Building a supervised feature detector on top of DNN classifiers is a natural choice to achieve sparse learning with less parameters compared to the usual DNN, for the following reasons: (1) the detector detects effective features in a supervised manner, i.e. using the information of training outcomes, resulting in accurate feature representations; (2) the input of the downstream DNN, which is the output of the feature detector, has a much smaller dimension compared to the original feature sets. Also, the rationale of employing random forests over other models lies in two aspects: (1) as an ensemble model, RF is able to output prediction results from all its base learners rather than a single predicted probability score; (2) the importance of features in each base learner can be easily obtained. The first aspect allows us to build downstream DNN following the feature detector, which cannot be achieved if the detector only outputs a single prediction such as in support vector machines and logistic regressions. The second aspect facilitates feature evaluation process for the entire integrated model, while other classifiers such as kernel based methods may not naturally embrace feature selection mechanism. To the best of our knowledge, no work has been done along this track for gene expression data. In the field of traditional machine learning research such as computer vision, the idea of stacking classifiers¹⁸ has been implemented and is now very popular in Kaggle data science competitions (https://www.kaggle.com). Nevertheless, stacking methods are mainly intended to cross-validate a large amount of multi-level models, and consequently require much larger number of instances (samples) than the number of features with no exception. In contrast, our new fDNN classifier with supervised forest feature detector is developed for $n\ll p$ sparse learning. In this paper, we justify our approach by demonstrating the classification performance on both synthetic data and real RNA-seq datasets.

Methods and Materials

Forest deep neural networks

Our newly proposed forest deep neural network (fDNN) model consists of two parts. The forest part serves as a feature detector to learn sparse representations from raw inputs with the supervision of training outcomes, and the DNN part serves as a learner to predict outcomes with the new feature representations. In the forest part, independent decision trees¹⁹ are constructed, and the forest is then an ensemble of the trees. Therefore, a natural choice of building the forest is the Random Forest model⁷. Other forest constructions are also possible. For example, one can use the network-guided forests¹⁰ if the feature space is structured and known, or the forest can be simply built through bagging trees²⁰. In this paper, we only employ random forests as the feature detector.

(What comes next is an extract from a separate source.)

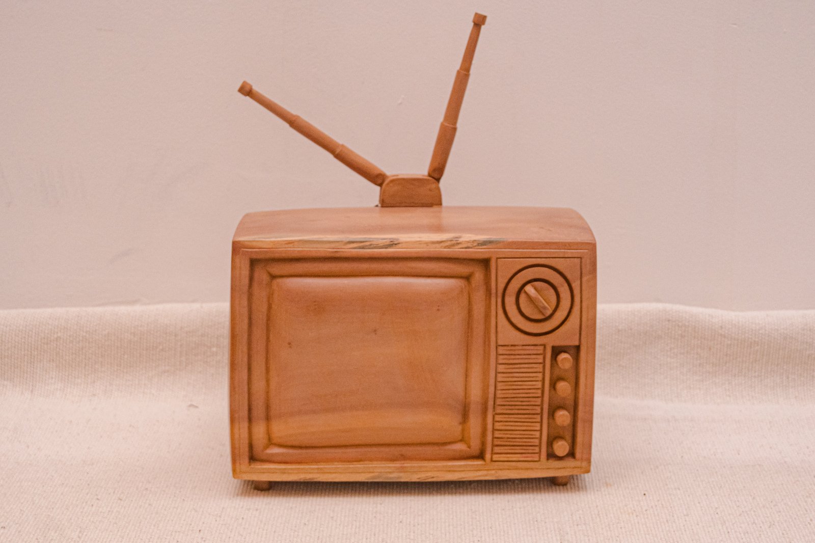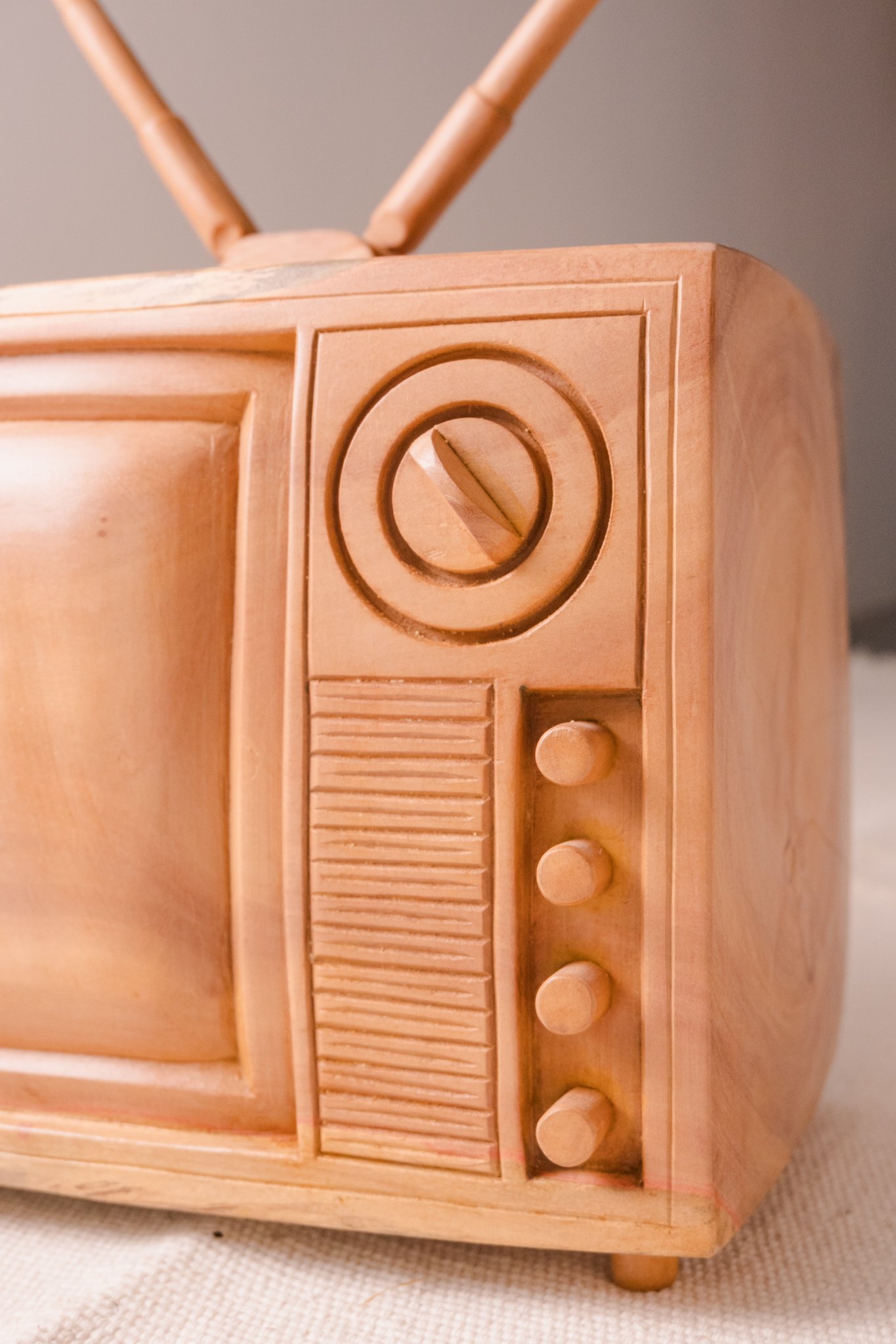 Esta televisão antiga em madeira é uma peça decorativa esculpida à mão. Ela chama atenção pela forma e pela memória afetiva que desperta. Partindo de um bloco de madeira maciça, valorizando o volume, as proporções e os detalhes remetem diretamente aos antigos aparelhos de TV.
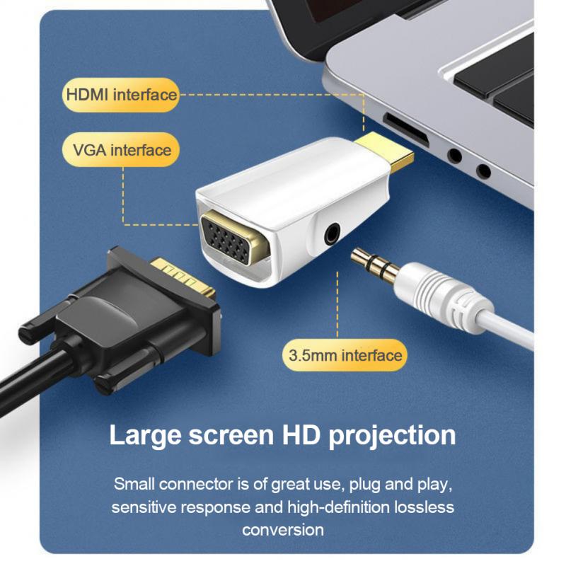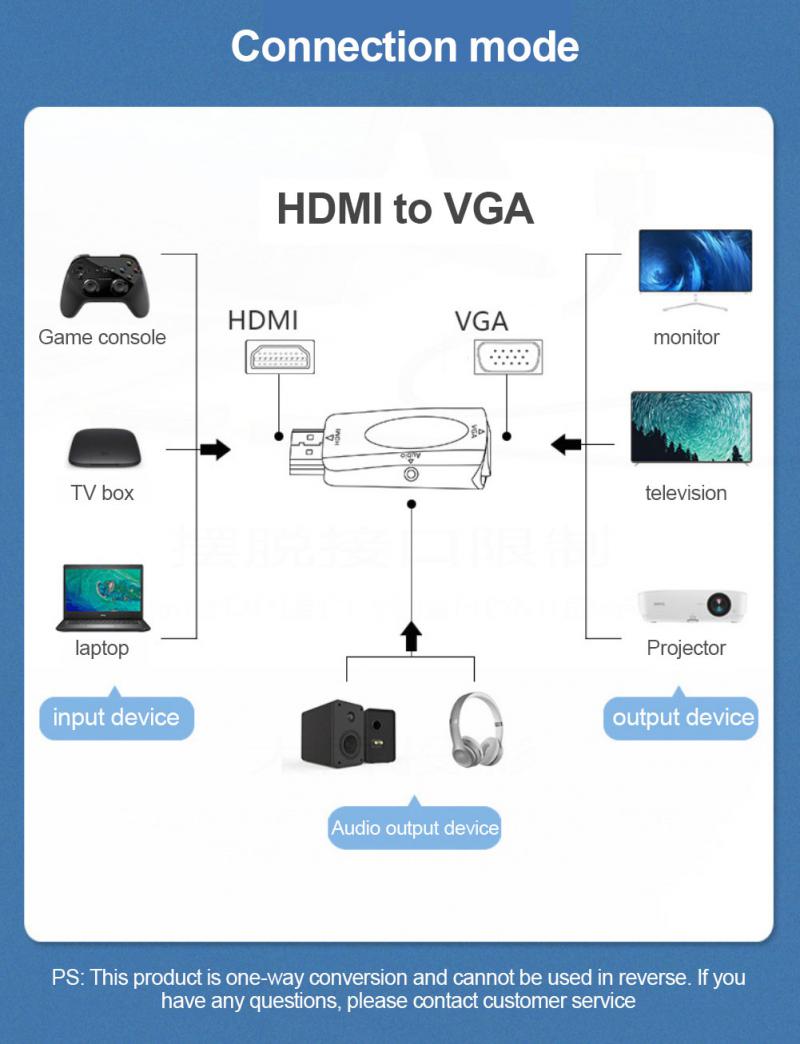 1. Этот продукт представляет собой портативный цифро-аналоговый преобразователь, который может быть преобразован в аудио и видео выход VGA путем определения входного сигнала высокой четкости в соответствии со стандартом.

In the fDNN model, a forest $ {\mathcal F} $ is a collection of decision trees

$$ {\mathcal F} ({\rm{\Theta }})=\{{{\mathscr{J}}}_{m}({{\rm{\Theta }}}_{m})\},\,m=1,\ldots ,M,$$

where M is the total number of trees in the forest, Θ = {Θ₁, …, Θ_M} represents the parameters in $ {\mathcal F} $. In random forests, Θ includes splitting variables and their splitting values. In the feature detection stage, $ {\mathcal F} $ is fitted by the training data X and y, where ${\bf{X}}\in {{ {\mathcal R} }}^{n\times p}$ is the input data matrix with n samples and p features and ${\bf{y}}\in {{ {\mathcal R} }}^{n}$ is the outcome vector containing classification labels. Through the fitted forest, for any observation x_i, i = 1, …, n, we obtain the prediction from each tree in $ {\mathcal F} $:

$$f({{\bf{x}}}_{i};{\rm{\Theta }})={({T}_{1}({{\bf{x}}}_{i};{{\rm{\Theta }}}_{1}),\ldots ,{T}_{M}({{\bf{x}}}_{i};{{\rm{\Theta }}}_{M}))}^{T},$$

where ${T}_{m}({{\bf{x}}}_{i};{{\rm{\Theta }}}_{m})={\hat{y}}_{im}$ is the binary prediction of observation x_i given by ${{\mathscr{J}}}_{m}$. Hence, denote f_i: = f(x_i;Θ) for simplicity, for an observation x_i, f_i is a binary vector summarizing the signal detected from the forest and later on serves as the new input features to be fed into the DNN.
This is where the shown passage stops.